Maybe you had to be there to really remember. If draft-dodger Bush wants us to remember, I say, bring it on.

Posted by: serial catowner on August 23, 2007 at 9:45 PM | PERMALINK

No Democrat needs to respond. The President is right to compare the present situation to Vietnam. Its just that when people speak of Vietnam and second thoughts its usually that we were stupid enough to get involved in the first place not that we left. Sound familiar.

Posted by: aline on August 23, 2007 at 9:45 PM | PERMALINK

cmdicely: a Pyrrhic victory certainly. I doubt North Vietnam's war aims included a million dead and multi-generational poverty. But yeah, they succeeded in doing something at a high cost they could have done at low cost. They had a common enemy with the United States: China.

The U.S. attained its strategic aim of preventing the domino collapse.
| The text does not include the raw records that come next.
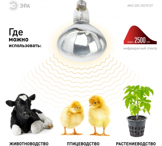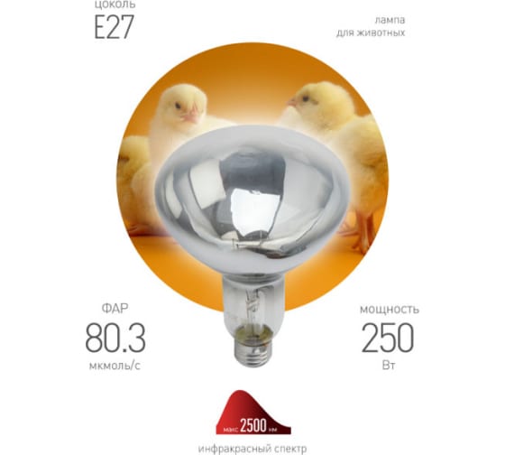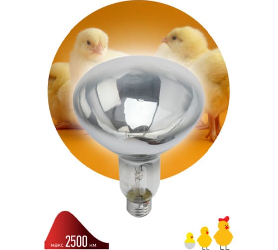 Инфракрасная лампа ЭРА ИКЗ 220250 R127, E27 Б0042991 зеркальная лампа с прозрачной колбой. Совмещает тепловой и осветительный эффект. Универсальный источник света и тепла. Применяется как для обогрева, так и для освещения. Активно используется в животноводстве, птицеводстве и растениеводстве. Подходит для эффективного обогрева как жилых, так и производственных помещений, а также для досветки растений. 100% энергии переходит в тепловую.
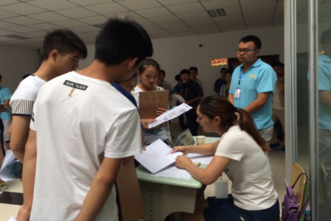 多名機電技術(shù)應(yīng)用專業(yè)的畢業(yè)生咨詢孵化園入孵企業(yè)提供的焊工、鉗工崗位,與孵化園工作人員交談了解工作地點、待遇及工作性質(zhì)后,投了個人簡歷,并填寫應(yīng)聘人員登記表。
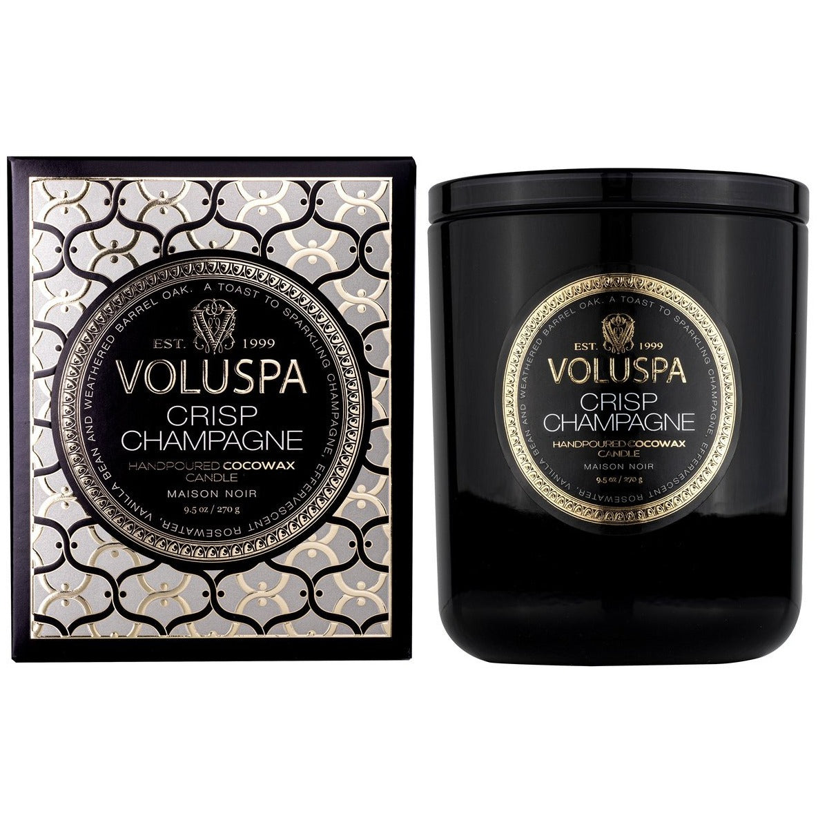 Voluspa hasĀ bottled that first sip feeling – drink in a brut tickle of chilled bubbles and toast to the aroma of vanilla, apples and peaches, all from a cool wooden cask. Perfectly capturing the moment before a bottle of champagne is uncorked, Crisp Champagne makes every day an occasion to toast.

But that turned out to not be such a real-world strategic aim there either.

It amazes me sometimes how competitive and petty even supposed progressives are on this site.
That dogmatic "attack" philosophy is what gets us in trouble.

Posted by: Sparko on August 23, 2007 at 9:51 PM | PERMALINK

And to be clear: having thousands die in a war that is wholly unnecessary is impossible to "win." So yeah, it is psychotic to spin Vietnam in sports terms. What a waste. If you die in a war, or are maimed, I wonder if you hold to this winning and losing business the same way as a chickenhawk?
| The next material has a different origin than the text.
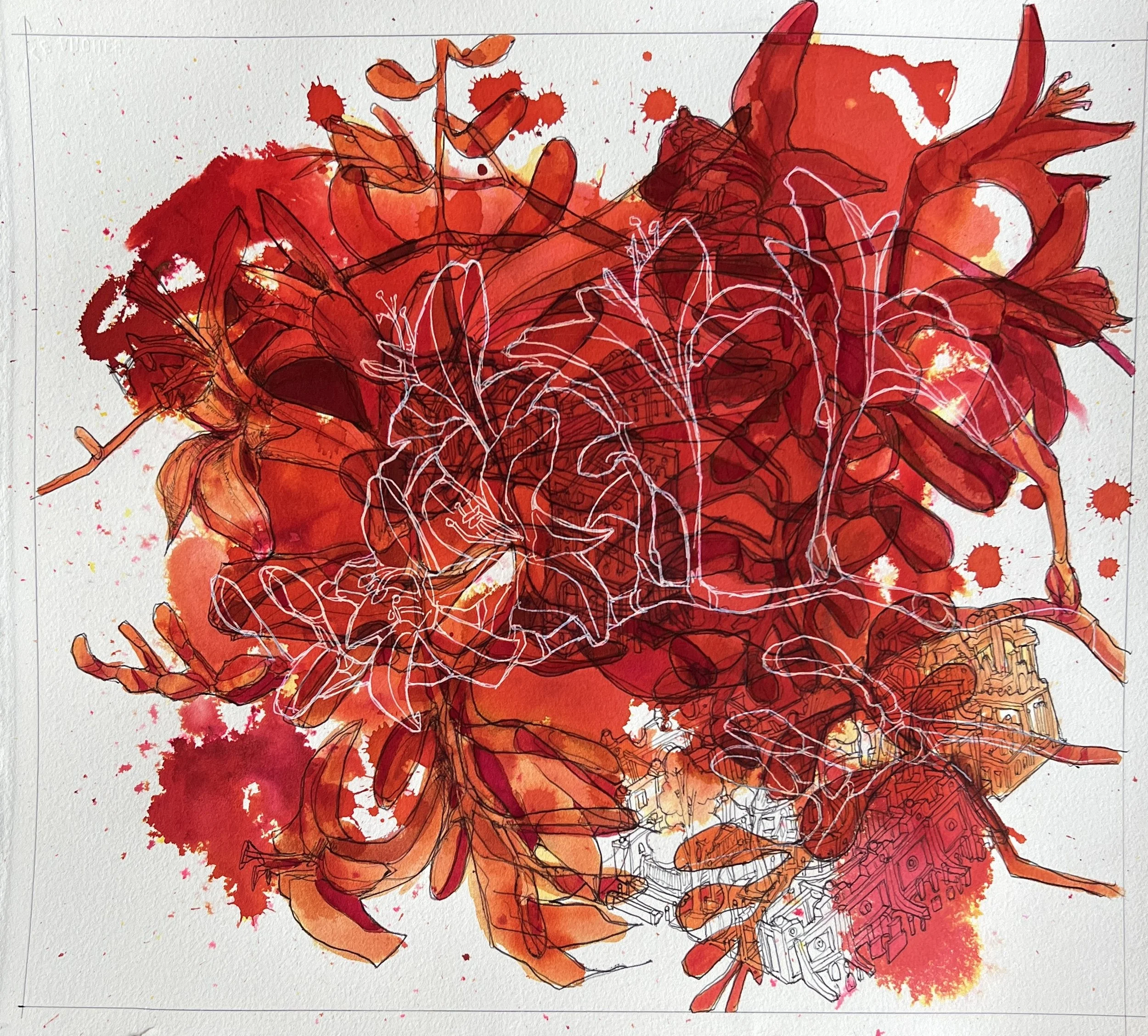 Crocosmia 16.5” x 15” (mixed media on Arches paper)

Posted by: Sparko on August 23, 2007 at 9:59 PM | PERMALINK

disputo wrote:

"The real AQ (you remember them -- the ones responsible 9/11) is not in Iraq. They are in Afganistan and (mostly) in Pakistan, under the protection of our "allies" in Islamabad.
_____________________

Well, perhaps so, if what we are chasing is a single bunch of criminals, rather than a movement. By now, it's rather clear we have more to worry about in that regard than just Osama and his boys. And it isn't going to go away if we simply cede Iraq to the bad guys. Much as we'd all like to return to a pre-9-11 stance, that's pretty much shot by now, as well.

Posted by: trashhauler on August 23, 2007 at 10:00 PM | PERMALINK

Hell, I'm amazed he had the never to say that Iraq is Vietnam. Let's start mailing copies of The March of Folly by Barbara Tuchman to Democrats and see if they can grow a spine.

Posted by: Hume's Ghost on August 23, 2007 at 10:13 PM | PERMALINK

And it isn't going to go away if we simply cede Iraq to the bad guys.

Can we please knock off the "good guys/bad guys" crap? First of all, I presume we are above age eight, and second, we all know damn good and well that its an "eye of the beholder" situation - and besides that, enemies most always eventually become trading partners.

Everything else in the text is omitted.